Writer: Aditya Dhar, Ojas Gautam, Shivkumar V. Panicker
Dhar wrote the original story and primary screenplay, with Gautam and Panicker contributing additional screenplay work. Panicker also served as editor, suggesting deep creative integration between the writing and the cutting room. The screenplay is structured in seven named chapters, which functions as both a narrative device and a guide for what is essentially an epic historical thriller. The writing earns credit for weaving actual figures into the fiction: Dawood Ibrahim, Rehman Dakait, IC 814 hijacker Zahoor Mistry, financier Javed Khanani. These are real names, real crimes, real history. That anchoring in documented evil gives the film's righteous violence a weight that purely fictional spy thrillers often lack.
Adult Viewer Insight
If you have any passing knowledge of post-2001 South Asian geopolitics, Operation Lyari, the 26/11 Mumbai attacks, or the career of figures like Dawood Ibrahim, this film is going to hit differently than it does for a general American audience.
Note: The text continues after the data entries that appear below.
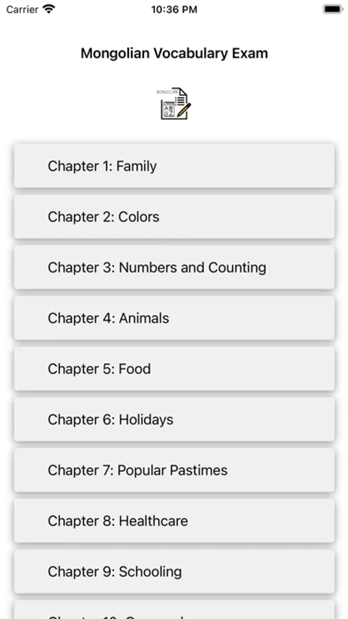 Expand your Mongolian vocabulary effortlessly with our comprehensive Mongolian Vocabulary Exam app! Whether you are aiming to enhance your language proficiency or you would like to test your knowledge, this app examines your vocabulary in 40 different topics.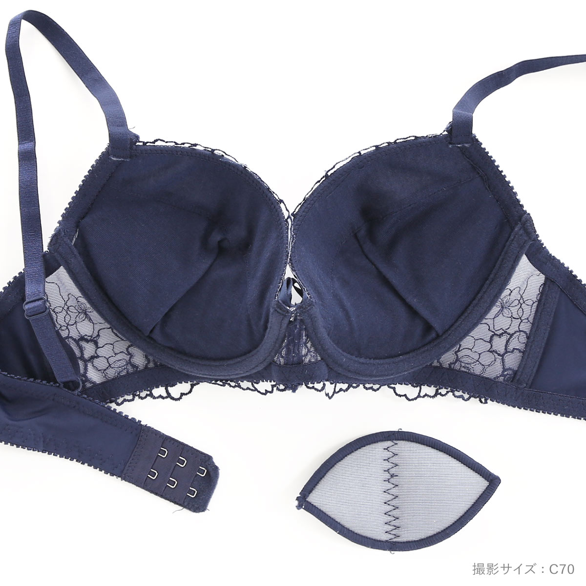 カップ裏は取り外しできる薄手のレモンパッドと下厚内蔵パッドでボストボリュームをUP。背中のアンダーは伸びが良い肌触りなめらかな身生地を使用し、楽な着け心地です。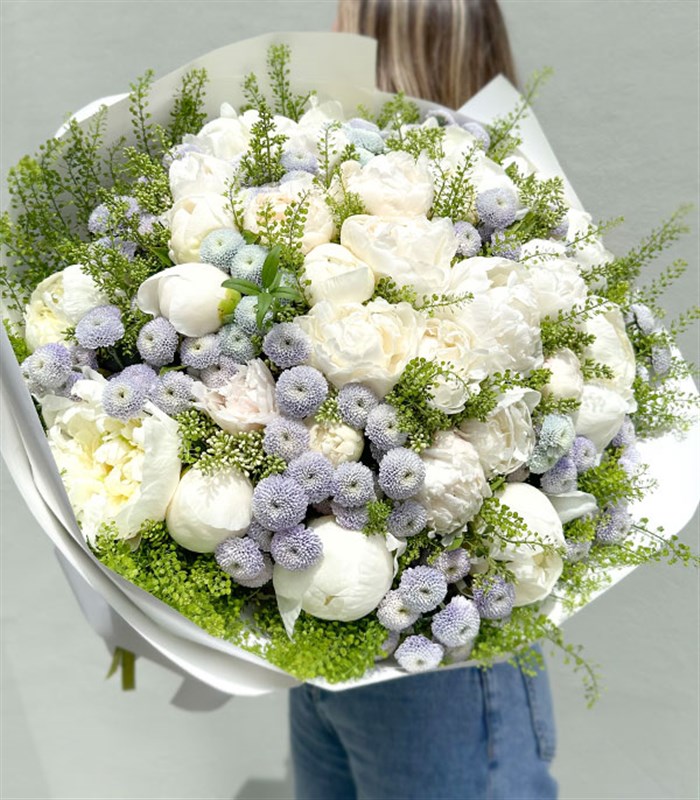 30 adet beyaz ithal şakayık, çok özel lila krizantemler ve mevsim yeşillikleri ile hazırlanan Royal Deluxe Beyaz 30 Şakayık Buketi ile sevdiklerinize rüya gibi bir hediye verin.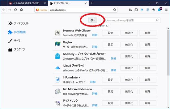 3-4.アドオンマネージャーの拡張機能が表示されている画面で、「アドオンツール」ボタンをクリックします。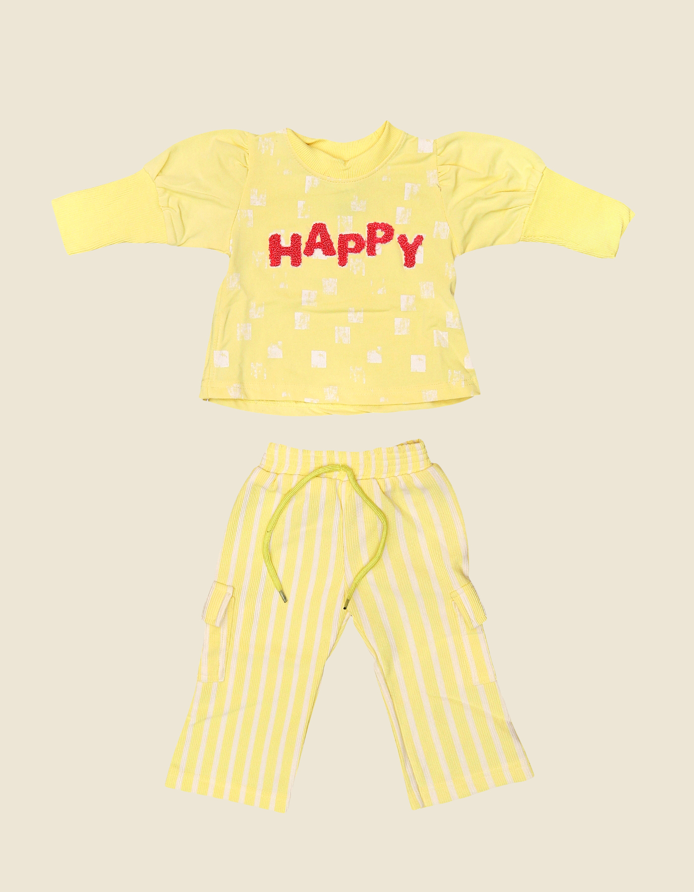 Brighten up your little one wardrobe with the Happy Vibes Baby Outfit Set. Designed for playful comfort, this two-piece set includes a puff-sleeve top with a bold HAPPY applique and matching striped cargo-style pants. Perfect for daily wear, playdates, and fun outings, this set keeps your baby stylish and cheerful in every moment. Available in Parrot Green and Yellow.

It's playing with documented history in a way that is basically impossible for Hollywood to replicate, because Hollywood would spend half the runtime apologizing for having opinions. Dhar has no such reflex. The film assumes the audience knows who the bad guys are and skips the moral throat-clearing. At 229 minutes it is a commitment. Clear your evening. Get through the Lyari section (roughly the film's middle third) and the pacing question becomes irrelevant because you are in it. The torture sequence in the third chapter is genuinely hard to watch, not in a gratuitous way but in the way good thrillers make you feel the stakes. Ranveer Singh has never been better. The score by Shashwat Sachdev is excellent. The film is not on streaming as of this review, so 987 US theaters (mostly in Indian diaspora markets) are your venue of choice. Worth the trip.
Parental Guidance
Not rated by MPAA for US release. The film is a CBFC-certified Indian production. Content includes graphic violence, explicit references to gang rape and murder of the protagonist's sisters, torture sequences, and sustained action violence throughout a 229-minute runtime. Not appropriate for anyone under 16. Older teens and adults who enjoy serious spy thrillers can handle this, but go in knowing the backstory is dark and the film does not flinch.